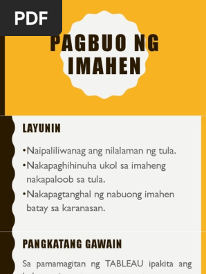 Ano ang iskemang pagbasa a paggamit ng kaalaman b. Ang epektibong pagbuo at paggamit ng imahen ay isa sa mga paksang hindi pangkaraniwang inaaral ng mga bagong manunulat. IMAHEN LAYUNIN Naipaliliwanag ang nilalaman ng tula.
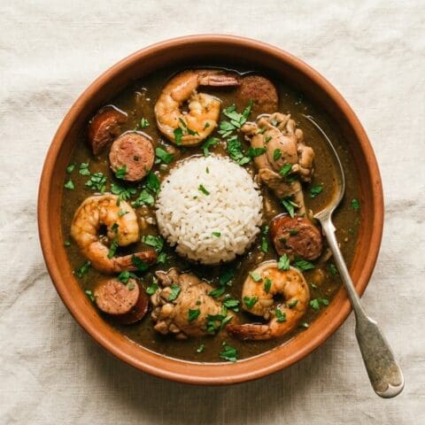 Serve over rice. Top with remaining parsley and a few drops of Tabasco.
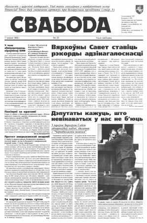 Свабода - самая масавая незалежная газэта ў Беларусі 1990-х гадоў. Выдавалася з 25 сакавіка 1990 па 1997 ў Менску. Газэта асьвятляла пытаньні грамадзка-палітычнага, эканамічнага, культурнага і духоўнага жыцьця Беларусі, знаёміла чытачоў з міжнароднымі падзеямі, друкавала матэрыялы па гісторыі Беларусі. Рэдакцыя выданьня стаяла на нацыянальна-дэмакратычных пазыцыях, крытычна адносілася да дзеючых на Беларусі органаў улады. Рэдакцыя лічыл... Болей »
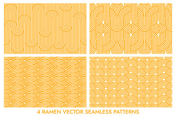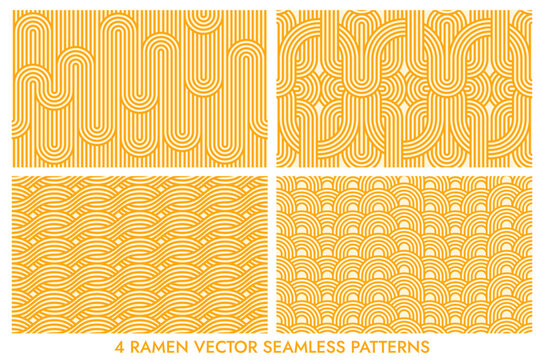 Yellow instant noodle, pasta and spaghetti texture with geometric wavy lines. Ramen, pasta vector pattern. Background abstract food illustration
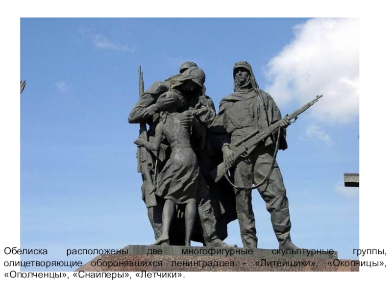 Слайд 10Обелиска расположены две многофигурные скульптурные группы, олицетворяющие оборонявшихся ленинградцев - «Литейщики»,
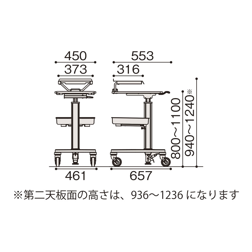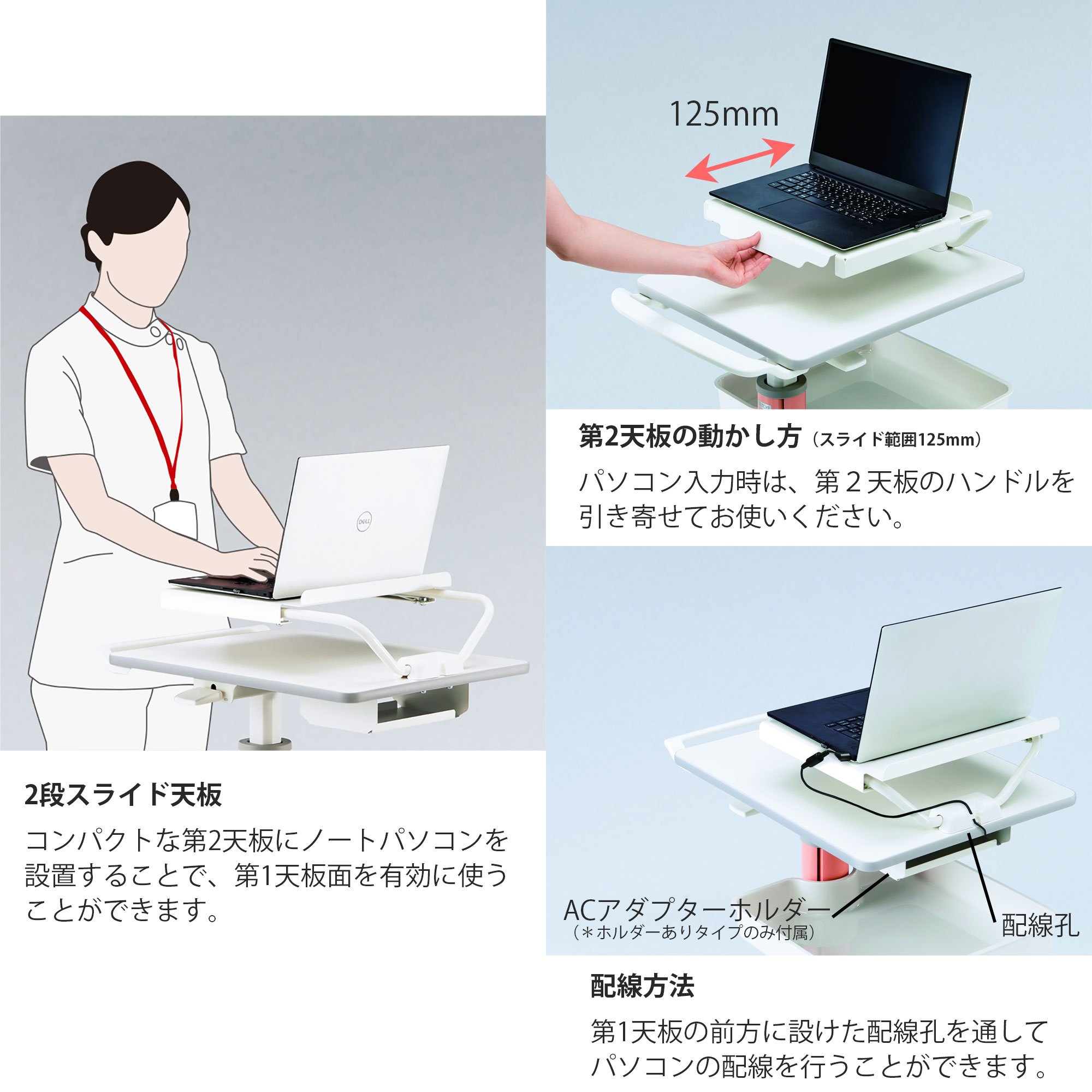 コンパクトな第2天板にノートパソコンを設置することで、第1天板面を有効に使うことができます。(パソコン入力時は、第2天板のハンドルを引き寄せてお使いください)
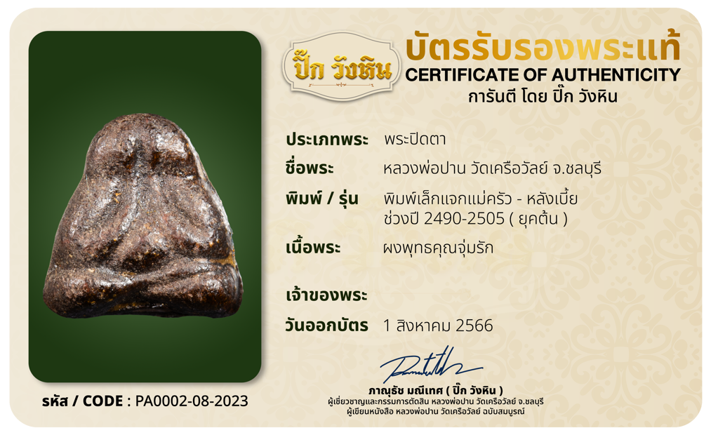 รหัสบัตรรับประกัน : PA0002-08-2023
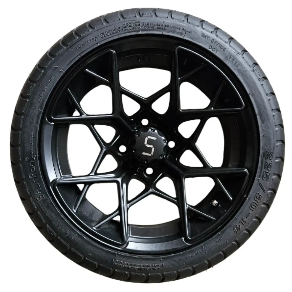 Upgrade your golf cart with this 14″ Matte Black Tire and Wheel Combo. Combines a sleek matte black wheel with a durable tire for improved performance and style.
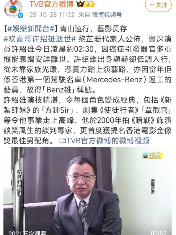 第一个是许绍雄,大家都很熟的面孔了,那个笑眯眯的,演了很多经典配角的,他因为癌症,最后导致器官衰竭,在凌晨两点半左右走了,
════════
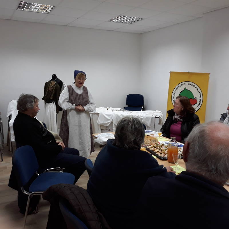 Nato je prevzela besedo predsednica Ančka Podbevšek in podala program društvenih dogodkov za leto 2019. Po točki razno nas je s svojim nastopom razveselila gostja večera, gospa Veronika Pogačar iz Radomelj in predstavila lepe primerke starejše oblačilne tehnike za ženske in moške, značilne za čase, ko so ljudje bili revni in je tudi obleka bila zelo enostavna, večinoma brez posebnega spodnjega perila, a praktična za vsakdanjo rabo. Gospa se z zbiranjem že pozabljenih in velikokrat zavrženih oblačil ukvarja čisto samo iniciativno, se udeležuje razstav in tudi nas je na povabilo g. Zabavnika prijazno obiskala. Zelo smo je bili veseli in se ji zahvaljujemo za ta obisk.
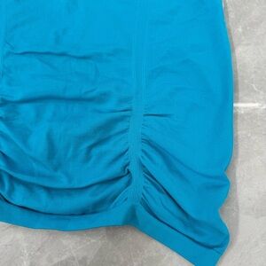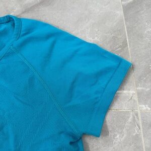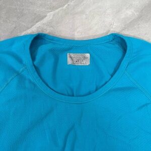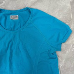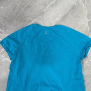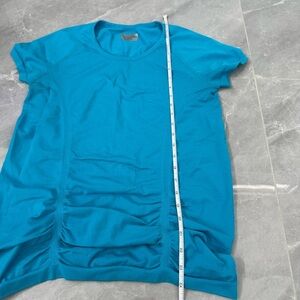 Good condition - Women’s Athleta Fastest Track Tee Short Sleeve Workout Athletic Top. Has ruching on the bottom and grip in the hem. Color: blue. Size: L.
════════
- [WHAT IS NEEDED] Look through the material above. Transcribe exactly the lines between the ones with "Ano ang iskemang" and "Serve over rice.", inclusive, and keep pictures out.

- [TASK OUTPUT]
 Ano ang iskemang pagbasa a paggamit ng kaalaman b. Ang epektibong pagbuo at paggamit ng imahen ay isa sa mga paksang hindi pangkaraniwang inaaral ng mga bagong manunulat. IMAHEN LAYUNIN Naipaliliwanag ang nilalaman ng tula.
 Serve over rice. Top with remaining parsley and a few drops of Tabasco.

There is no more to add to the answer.